My patient currently has MSTAC approval for an interferon or glatiramer acetate. Can they switch to dimethyl fumarate or teriflunomide?
Patients can switch to dimethyl fumarate or teriflunomide if they meet the entry criteria, which are the same as for natalizumab and fingolimod. Once they change, they can only change back to an interferon or glatiramer acetate if they are unable to take fingolimod or natalizumab for clinical reasons and continue to meet the access criteria for treatment.
My patient currently has MSTAC approval for fingolimod or natalizumab. Can they switch to dimethyl fumarate or teriflunomide?

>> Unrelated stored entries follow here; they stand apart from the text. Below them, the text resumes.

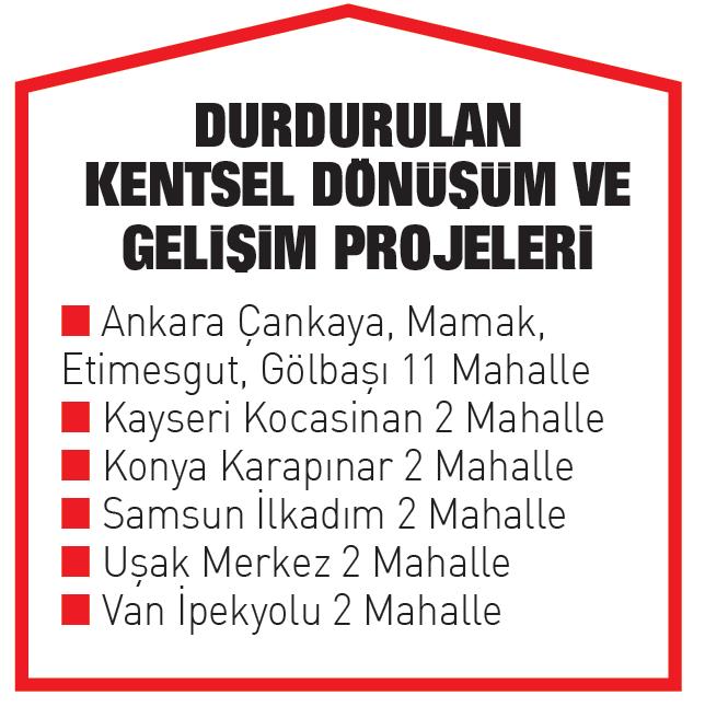 Çevre ve Şehircilik Bakanlığı tarafından yeni imar planları hazırlandı. Ancak, CHP'nin başını çektiği muhalefet partileri, bu dönüşüm çalışmalarına destek yerine köstek oldu. 32 il için hazırlanan riski alan, kentsel dönüşüm ve yenileme alanları projeleri CHP, İyi Parti, HDP'nin yanı sıra muhalefetle eşgüdümlü hareket eden Odalar tarafından yargıya taşındı.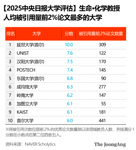 在衡量学术影响力的“生命·化学教授被引论文”排名中,延世大学(首尔)荣登榜首,并以满分成绩遥遥领先。这充分证明了其研究成果所获得的超高国际认可度与引文影响力。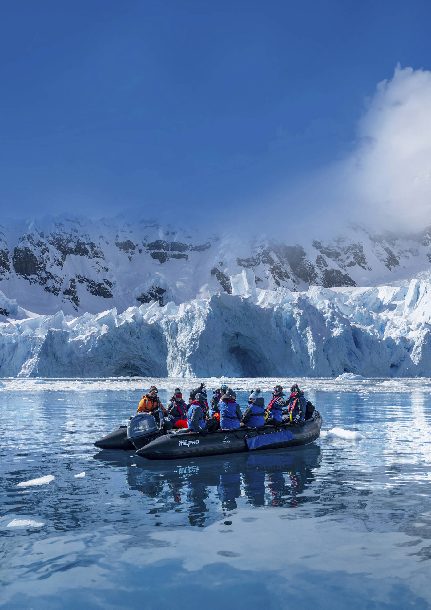 Im Allgemeinen unternehmen wir zweimal täglich Landgänge oder Zodiac-Ausflüge. Wir werden uns warm einkleiden, bevor wir in die Zodiacs steigen, die uns entlang spektakulärer Eis-Klippen oder zwischen gewaltigen Eisbergen führen. Dabei halten wir Ausschau nach Walen, Robben und Pinguinen, die fröhlich durch das Wasser flitzen. Die Zodiacs bringen uns auch vom Schiff an Land, wo wir Pinguinkolonien besuchen, historische Hütten entdecken und einige unserer Lieblingsorte entlang der Halbinsel erkunden können.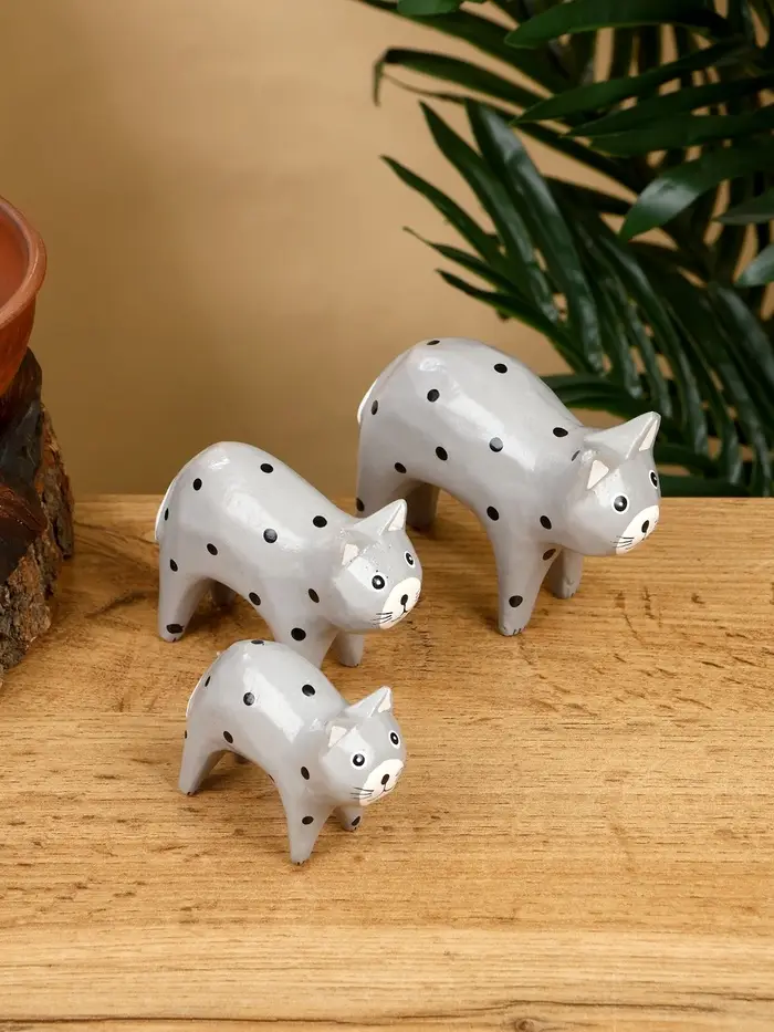 Набор сувенирный «Кошки», h=9 см, h=8 см, h=6.5 см, дерево, серый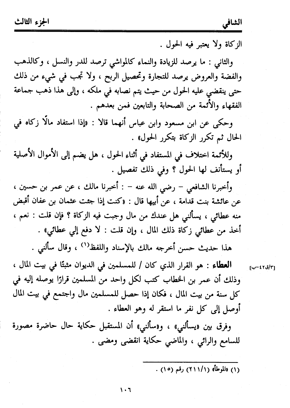 وأخبرنا الشافعي -رضي الله عنه-: أخبرنا مالك، عن عمر بن حسين، عن عائشة بنت قدامة، عن أبيها قال: "كنت إذا جئت عثمان بن عفان أقبض منه عطائي، يسألني هل عندك من مال وجبت فيه الزكاة؟ فإن قلت: نعم، أخذ من عطائي زكاة ذلك المال، وإن قلت: لا دفع إلي عطائي".
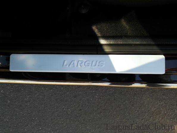 Вчера снова удалось выкроить немного свободного времени и посвятить его установке накладок на пороги своего железного коня. Данный комплект накладок я заказывал в клубном магазине. Комплект состоит из 4 одинаковых накладок с выштамповкой "LARGUS". Заказывал данный комплект из-за необходимости задних накладок, передние идут заводские "LADA".

Yes – if they meet the funding criteria for these treatments, they can change to dimethyl fumarate or teriflunomide.
Patients must have an EDSS of 0 – 4.0 as per the entry criteria to be eligible to switch.

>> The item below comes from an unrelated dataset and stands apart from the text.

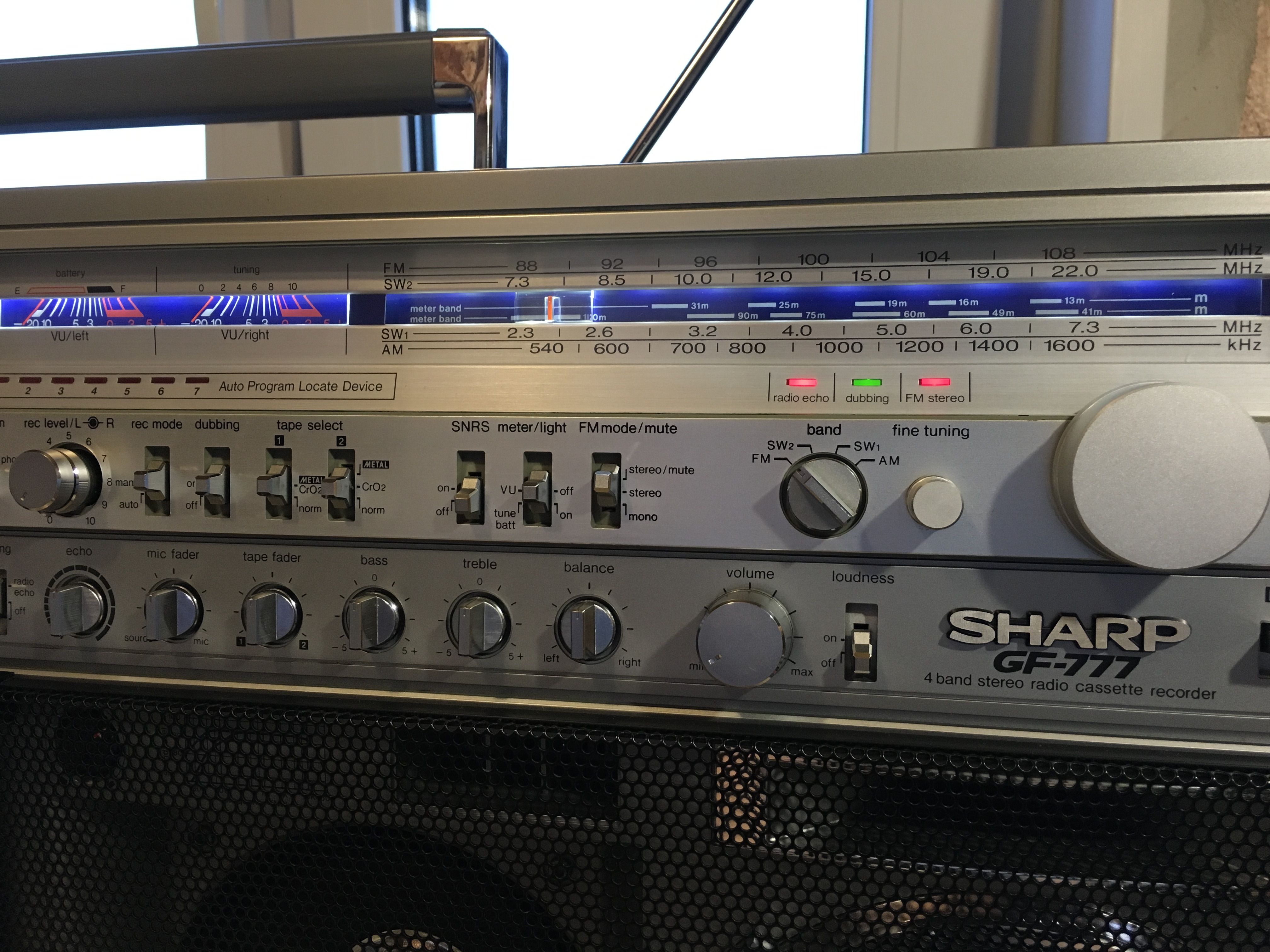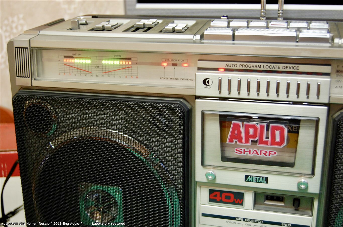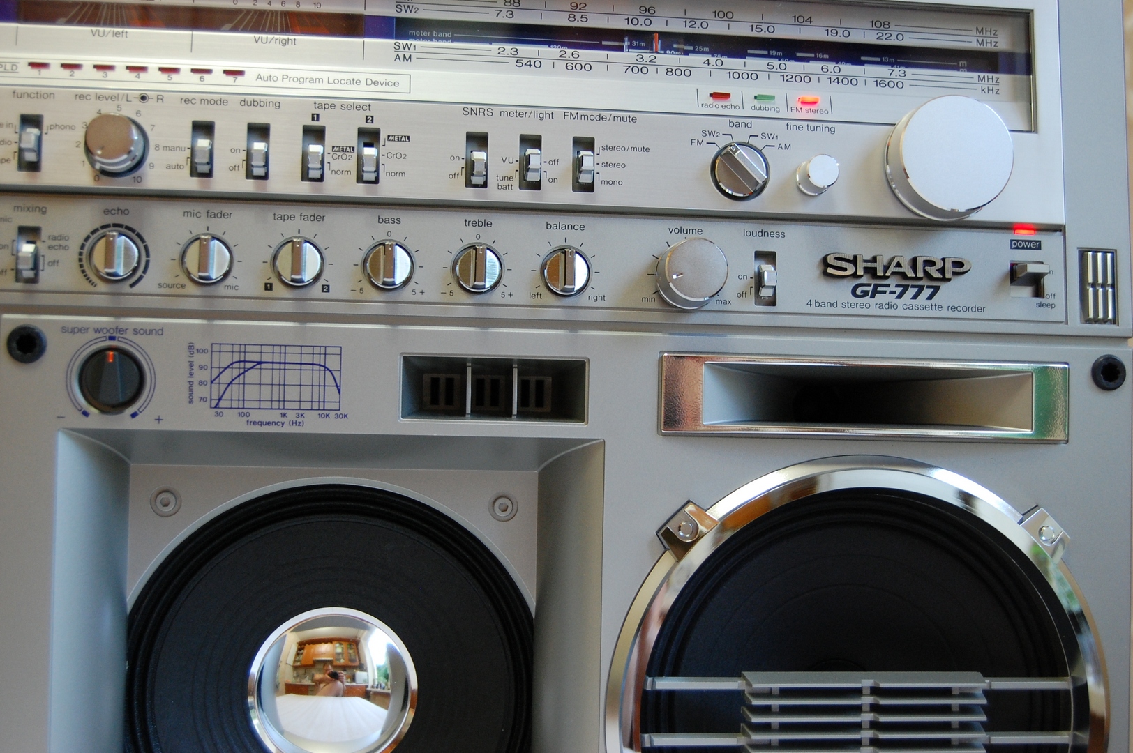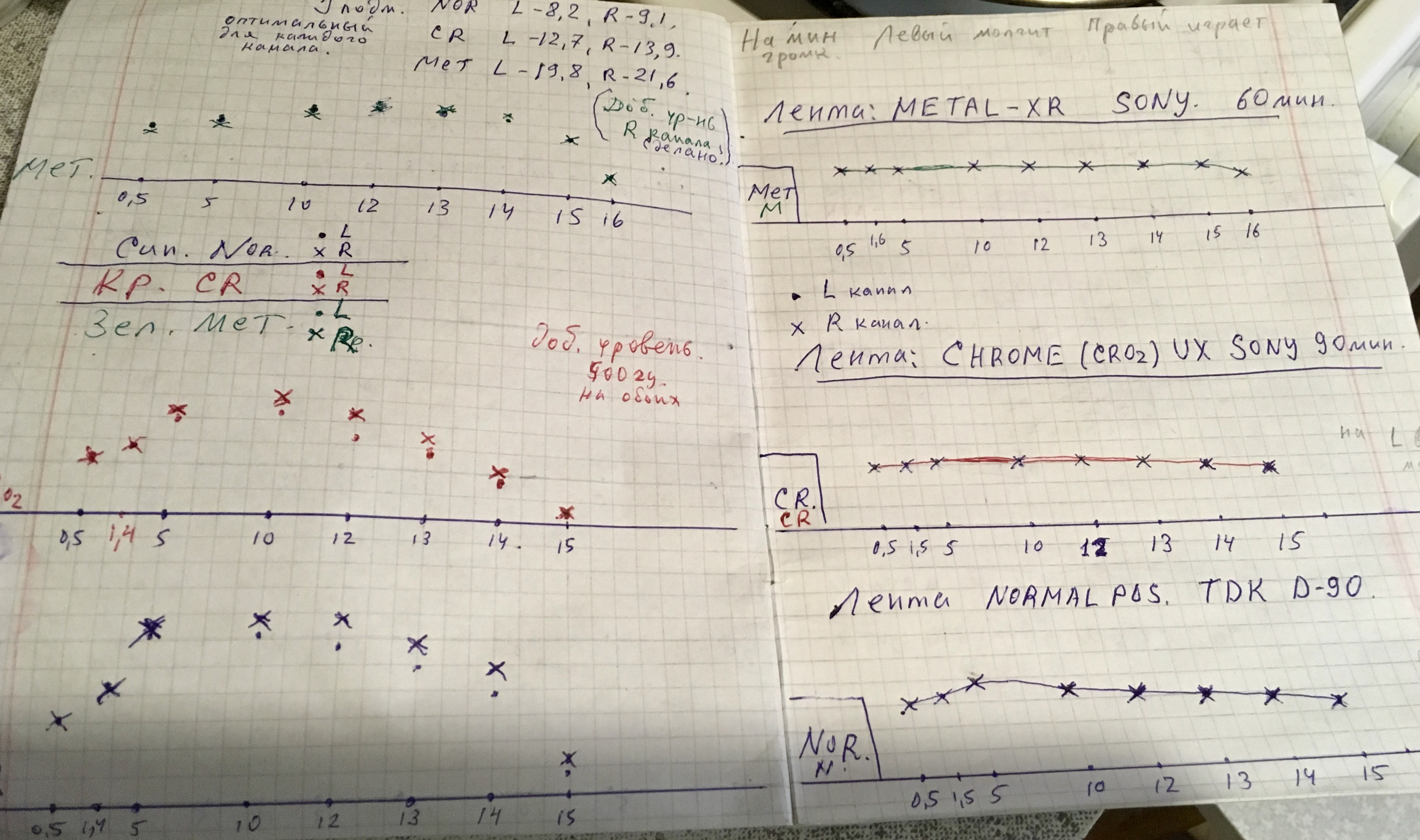 Крышки кассетоприемников в 777 требуют, как обычно 1) Снятия, разборки, мойки, 2) Полировки стекол 3) сборки 4) Восстановления 4х крепежных втулок, которые входят в оси каждой из них. Обыкновенно эти пластмассовые втулки стачиваются за 37 лет. В результате - крышки перекашиваются. Заедают при закрытии и не открываются. В тяжелых случаях повисают, перекошенные в пространстве-времени. Для ремонта требуется удалить старые, сточенные пластмассовые втулки из корпуса. Далее, с большой точностью установить новые, лучше всего металлические. Эта операция ювелирной точности, без права на ошибку. Четыре таких операции. По паре втулок на крышку. Далее, чтобы крышки открывались так, как на видео, они регулируются, с точностью до десятых долей миллиметра, и каждая в двух плоскостях. 5) И, наконец, разрезание демпферов для набития новой смазкой, как правильно написал Олег. Механизм этих редукторов плавного скольжения требует новой смазки, старая давно высохла или протекла. Для этого демпферы разрезаются, набиваются новой смазкой и пайкой герметично свариваются. С первого раза полная герметичность не всегда получается. Только после этих операций, обычно на день - два работы, достигается синхронность и плавность открытия обеих крышек кассетоприемников, при одинаковом их положении в корпусе, и без перекосов. Это одна из самых несложных операций в Шарпе 777, требует только внимательности и терпения. Обычное количество дефектов у Sharp GF-777, начинается от 30-35 после нормальной диагностики. Остальные сложнее - регулировка БГ, подбор строго нужных по размеру и качеству роликов и их установка, шлифовка головок или установка новых, последнее осложняется нюансами (требуют соблюдения именно в этой модели Шарп). Шлифовка или замена идлеров, наладка точности и правильности следования ленты в тракте. Немало времени отъедает разборка всего аппарата, полная мойка, и полировка стекол. Ремонт регулятора громкости, для чего аппарат разбирается, выпаивается потенциометр и далее с ним происходят специальные работы на день - два. В случаях, когда мне требуется совершенная идентичность увеличения громкости по ЛК и ПК одновременно, а у шарпов она разная, как правило, требуется ювелирная операция с разборкой и подгонкой регулятора. Легко можно запороть при ошибке вовсе. Ремонту подвергается весь аппарат - от входов-выходов до настройки АЧХ каналов воспроизведения- записи на трех типах лент. Последнее для большей точности нередко требует тонкой подстройки и изменения схемы в УЗ. Не раз попадались аппараты с очень небольшим пробегом, но с заводскими дефектами в УЗ, с кривой записью, при этом с оригинальными, не спиленными головками. Их настройка изначально не щеголяла точностью. Приходилось рассчитывать и внедрять изменения в схему. Тогда эффективность записи у семёрок становится на уровне дек начальной-средней ценовой категории, только налаженных, как положено. Требуют доводки пищалки, обычно они забудевают, в звуковых платах сохнут конденсаторы, которые также требуют замены, и много чего ещё. Сильное влияние на звук оказывает состояние родных динамиков. Обычно они изношены и выцвели, нередко хрипят или вовсе в обрыве. После месяца плотных занятий с аппаратом, он оживает и дает вживую такое звучание, что многим и не снилось. Слева на графике - оригинальная АЧХ каналов записи-

What happens if my patient tried dimethyl fumarate or teriflunomide and it does not suit them but they are still within the criteria for funding?
- If your patient is currently on an interferon or glatiramer and they switch to dimethyl fumarate or teriflunomide, they will only be able to switch back to beta interferon or glatiramer if they are unable to take fingolimod or natalizumab for clinical reasons and they continue to meet the access criteria for treatment.
- If your patient is currently on fingolimod or natalizumab and they switch to dimethyl fumarate or teriflunomide and they do not suit your patient, they may be able to switch back to fingolimod or natalizumab, so long as they continue to meet the access criteria for treatment.
Can I make an application for my patient for funding for dimethyl fumarate or teriflunomide prior to 1 February 2016?
You will be able to make an application for your patient for dimethyl fumarate or teriflunomide prior to 1 February 2016. However no approval numbers for these treatments will be valid teriflunomide prior to 1 February 2016.
The MSTAC application forms will be updated by mid-January 2016 to include dimethyl fumarate and teriflunomide
How will patients receive their funded MS treatments?
Once a medicine’s funding has been approved for your patient, you will be informed as to how they will be able to access their funded treatment:
- Beta interferons and glatiramer will continue to be directly distributed to patients
- Fingolimod is available to patients via community pharmacy (but first dose should be monitored in a clinical setting)
- Dimethyl fumarate and teriflunomide are available to patients via community pharmacy and are able to be taken by patients without clinical supervision
- Natalizumab is available to patients in a clinical setting via an infusion every 4 weeks.
What does the change to the MRI criteria mean?
The changes to the MRI criteria, relating to MRI evidence of active inflammatory disease, are to ensure clarity and better reflect the intent of the criteria. The changes may mean that some patients, who would otherwise have needed to undergo further MRI studies to demonstrate new inflammatory MRI activity, will now not need additional MRI studies.
Will community pharmacy be able to dispense the new treatments?
Yes. Both dimethyl fumarate and teriflunomide will be dispensed through community pharmacy. Fingolimod will continue to be dispensed via community pharmacy. Patients will need to have an active Special Authority number in order to access these funded treatments.
The beta interferons and glatiramer will continue to be delivered directly to patients.
Natalizumab continues to be dispensed by pharmacists registered with the TAPP programme operated by the supplier, Biogen, and administered in a hospital setting.
Will the wastage rule apply to the new treatments?
Yes. The wastage rule will apply to dimethyl fumarate and teriflunomide (as well as continuing for fingolimod).